W przedświąteczny czas wliczona jest z pewnością niejedna wizyta w sklepie. W pośpiechu i natłoku obowiązków zapominamy o najprostszej zasadzie wszelkich relacji międzyludzkich obowiązującej w każdym miejscu i czasie, aby zachowywać się wobec innych tak, jak sami chcielibyśmy być potraktowani. Uśmiech i uprzejmość to absolutna podstawa, także wśród sklepowych półek, gdzie najczęściej zdarza nam się zapomnieć o obecności drugiego człowieka. A przecież człowiek kulturalny, nie zostawia swoich manier na sklepowym parkingu.
Rozmowa
O trudnościach i wyzwaniach towarzyszących rozmowom przy świątecznym stole pisze się i mówi od zawsze. Dlaczego? Ponieważ każdy z nas wnosi do ogólnej dyskusji swój indywidualny garnitur przekonań, opinii i doświadczeń. Przy stole często spotykają się osoby połączone więzami krwi, ale niekoniecznie dzielące ze sobą wspólne doświadczenia zawodowe czy przekonania polityczne.

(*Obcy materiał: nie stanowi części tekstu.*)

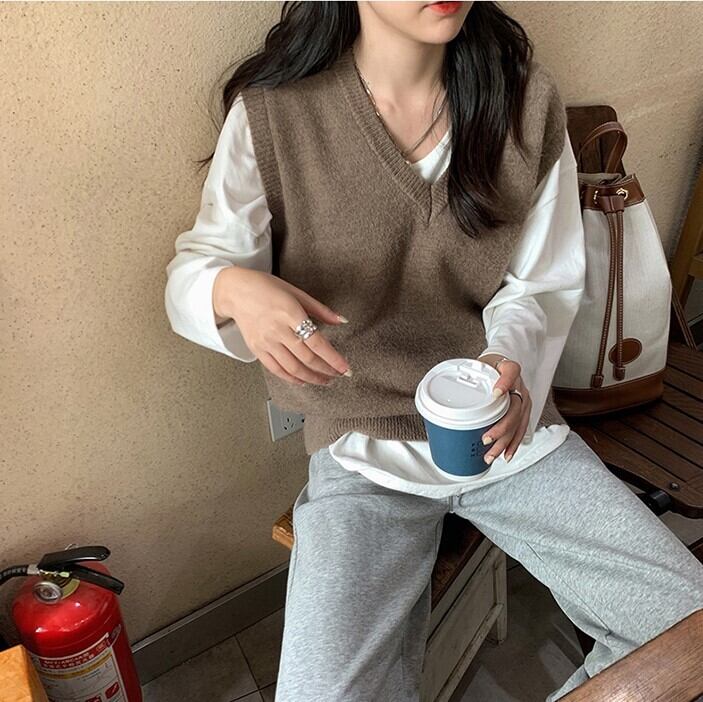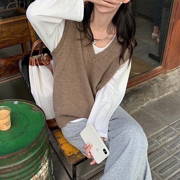 《入荷待ち》ニットベスト ベスト セーター トップス 無地 Vネック レディース 大人カジュアル オシャレ 秋 冬 キレナチュ

W tym roku amerykańskie media, szeroko rozpisywały się tuż przed Świętem Dziękczynienia o potencjalnych trudnościach w uzyskaniu porozumienia podczas rodzinnych spotkań, w świetle ostatnich wyborów prezydenckich. Cytowano socjologów, psychologów i innych specjalistów, którzy wieszczyli jak trudno będzie spokojnie dyskutować, nawet w najbliższym gronie rodzinnym podzielonym przez polityczne poglądy.

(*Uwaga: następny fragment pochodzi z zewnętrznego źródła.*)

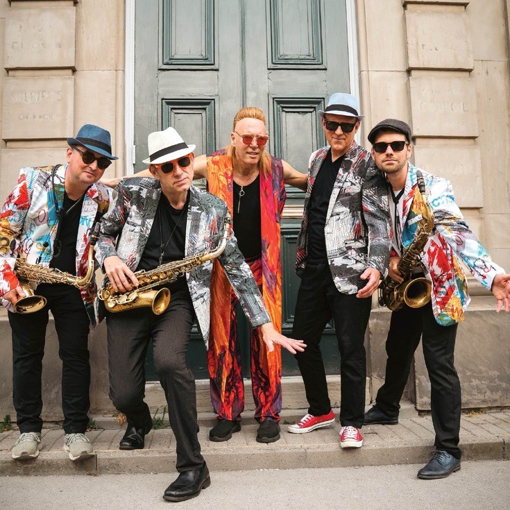 The Shuffle Demons are a high-energy Canadian band that blends virtuosic jazz and funk playing with eye-catching costumes to produce an incredible show. A hit at festivals all over the world, the Shuffle Demons are a crowd-pleasing, full-on musical group that backs up wild stage tricks with phenomenal playing by some of Canada's most talented musicians. Still capturing audiences’ imaginations with their wacky antics after three decades, the Shuffle Demons features a great line-up of players that includes JUNO Award-winning saxophonist/vocalist Richard Underhill. They just came out with a new album in 2025, Are You Really Real. Expect an exciting, no-holds-barred performance that feature wild romps in the crowd, free jazz moments, danceable funk, poetry, killer solos and more! Matt Lagan vocals/saxophone, Kelly Jefferson vocals/saxophone, Mike Downes vocals/bass, Stich Wynston vocals/drums

Boże Narodzenie, w odróżnieniu od Święta Dziękczynienia, to jednak moment, w którym spotykamy się na wspólnych przyjęciach także z osobami spoza rodziny, często są to znajomi znajomych lub współpracownicy. Sztywność kontaktów między nieznajomymi, zawsze przełamie uśmiech i pytanie np. o ulubione tradycje związane ze świętami, ulubione świąteczne filmy czy pomysły na prezenty. Jeśli nawet zdarzy się nam zapomnieć imię nowo poznanej osoby, zawsze możemy poprosić ją o to, aby nam przypomniała jak się nazywa, a następnie odwzajemnić się tą sama informacją na swój temat. Po czym gładko możemy przejść do rozmowy na przykład pytając o przygotowania do świąt.

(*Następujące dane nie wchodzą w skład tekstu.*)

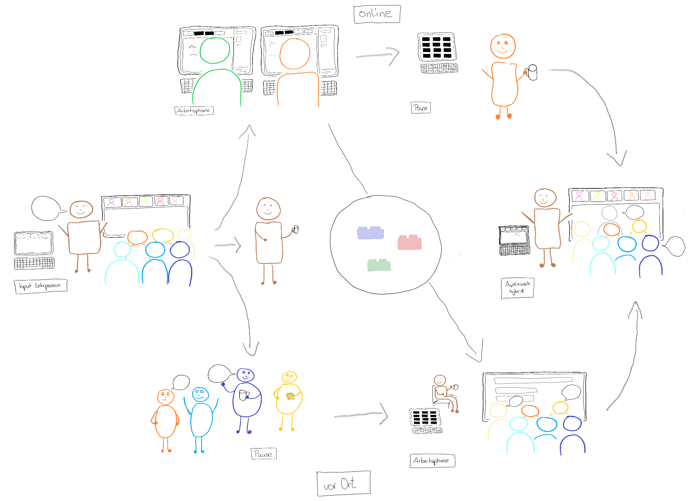 Nach einem theoretischen Input durch die Lehrperson haben die online Teilnehmenden Pause. Die vor Ort Teilnehmenden sammeln Fragen zum Input. Wenn die online Teilnehmenden aus der Pause zurück sind, gehen die vor Ort Teilnehmenden in Pause. Die online Teilnehmenden recherchieren nun die Antworten auf die gesammelten Fragen. Im Plenum werden die Antworten präsentiert und gemeinsam diskutiert.

Zanim wybierzemy się na jakiekolwiek spotkanie w okresie świątecznym, warto zapamiętać, że w tego typu kontaktach i rozmowach nie powinno poruszać się tematów dotyczących przekonań politycznych i religijnych, nie mówimy także o pieniądzach i nie plotkujemy. Szerokim łukiem omijajmy także kwestie pracy, zwłaszcza na imprezach firmowych. Tematami zawsze na czasie są za to informacje sportowe, sztuka i aktualne wydarzenia społeczno-kulturalne. Pamiętajmy, że najważniejsza w rozmowie jest wymiana i otwartość na wysłuchanie drugiej strony. Zachowując te dwie podstawowe zasady możemy poczuć się znacznie pewniej.
Na koniec
Nie zapominajmy, że kończąc rozmowę czy też wizytę należy podziękować i podać powód ich zakończenia. W przypadku rozmowy może to być chęć odświeżenia się w toalecie lub potrzeba rozmowy z gospodarzem. Wychodząc z przyjęcia zawsze pamiętamy, aby nie robić tego przed podaniem deseru, a po jego zaserwowaniu nie wychodzić natychmiast po wstaniu od stołu.